A pipeline has a name, a list of pipeline stages, optional comments and variables. See below for an example pipeline.

Pipeline stage

A pipeline stage has a name, a Docker image it is based on, a list of pipeline stages that it depends on (e.g. if it relies on output from these), and a command it runs on start up.

IO

Each pipeline stage should write any output data to the directory /walrus/STAGENAME that is automatically mounted onside the docker container on start-up. walrus automatically mounts input directories from its dependencies on start-up at /walrus/INPUT_STAGENAME. The user specifies where this /walrus directory is on the host OS by using the -output command line flag (see Usage for more information). On default it writes everything to a walrus directory in the current working directory of where the user executes the walrus command.

Parallelism

Pipeline stages that could be run in parallel are run in parallel by default.

Variables

You can declare variables in the pipeline description as well. You declare these as {"Name": "variableName", "Value": "variableValue"} and use them in the pipeline description by wrapping them like this {{variableName}}. See pipeline.json for an example.

Reproducible pipelines

Tools

Since walrus requires that tools are packaged within Docker containers, it provides a simple mechanism to ensure a reproducible execution envirionment.

Parameters

We reccommend that you use git to version control your pipeline descriptions. This will ensure that you can keep track of the different parameters to the different tools as you develop your analysis pipeline.

Data

walrus automatically tracks data in the pipeline with git-lfs. When users start a pipeline walrus will track any output data from any of the pipeline stages and commit them to the repository versioning the pipeline description, If you do not have a repository walrus will set one up for you.

Using git to version control your pipeline data is completely optional, and users can of course opt out of versioning data with git-lfs by using the walrus -version-control=false parameter.

git-lfs requires a server for hosting the large files, and while Github, BitBucket provide hosting opportunities, we have added a -lfs-server flag that starts a local git-lfs-server for use with git-lfs.
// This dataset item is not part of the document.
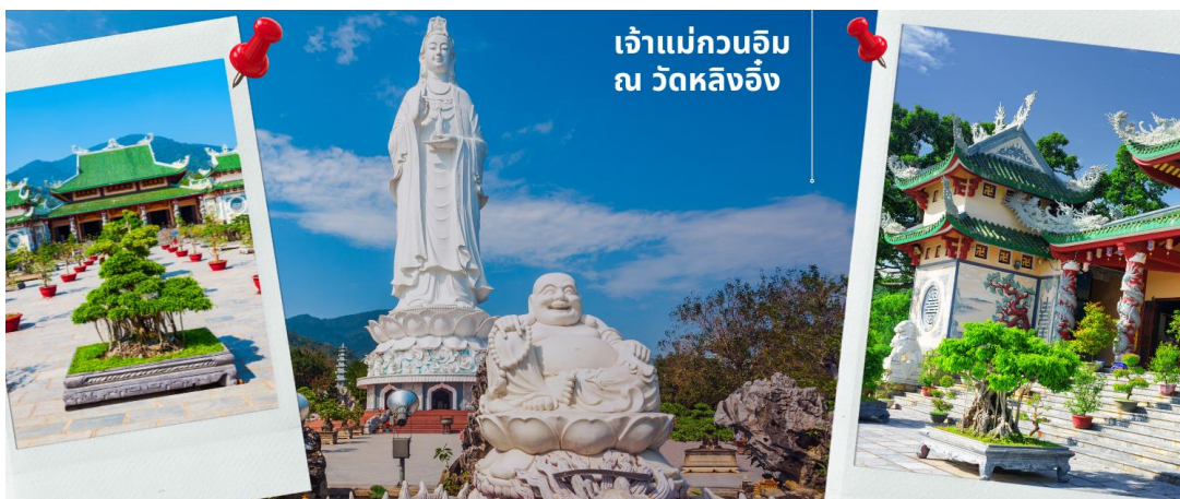
เจ้าแม่กวนอิม ณ วัดหลิงอิ่ง

นำท่านมัศจรรย์องค์ เจ้าแม่กวนอิม ณ วัดหลิงอิ่ง อยู่บนเกาะเซินตรา (Son Tra) ทางเหนือของเมือง ดานัง เป็นวัดใหญ่ที่สุดของที่นี่ รูปปั้นปูนขาวของเจ้าแม่กวนอิมยืนหันหลังให้ภูเขา หันหน้าออกสู่ทะเลเพื่อเป็นการปกป้องคุ้มครองชาวประมงที่ออกไปหาปลา เสี่ยงระฆังวัดที่ตีประสานกับเสียงคลื่นนั้นช่วยให้ ชาวเรือรู้สึกสงบ และสร้างขวัญกำลังใจอย่างดีเยี่ยม และเป็นที่เคารพนับถือของคนดานัง

Users can use this server to store files with git-lfs or push them to some other remote.

Performance

You may experience that git-lfs uses some time to start keeping track of your data. Adding the NA12878 WGS (270GB) bam file takes roughly 1 hour on our fat server (80 Intel xenon CPUs, 10 cores/CPU, ~1TB memory). Bear in mind that git-lfs runs on a single CPU. Most of the time spent is simply copying the data into the .git/lfs folder. Hopefully this will improve in later versions of git-lfs.

Installation and usage

There are two options for installing and using walrus: install walrus and its dependencies natively on your system, or use our walrus Docker image. It may sound a bit silly to have a Docker container orchestrate other containers, but by sharing the Docker socket (/var/run/docker.sock) with the walrus container it works! There are drawbacks to sharing the Docker socket and we only encourage this approach if you want to try out walrus without thinking about setting up your own environment.

Docker

There's only a single command needed to start analyzing data using the walrus Docker container. Let's assume you have a pipeline.json pipeline description in your working directory. You can analyze it by running

    docker run -v /var/run/docker.sock:/var/run/docker.sock -v $(pwd):$(pwd) -t fjukstad/walrus -i $(pwd)/pipeline.json -o $(pwd)/output

and it will write the output to a directory output/ in your current working directory.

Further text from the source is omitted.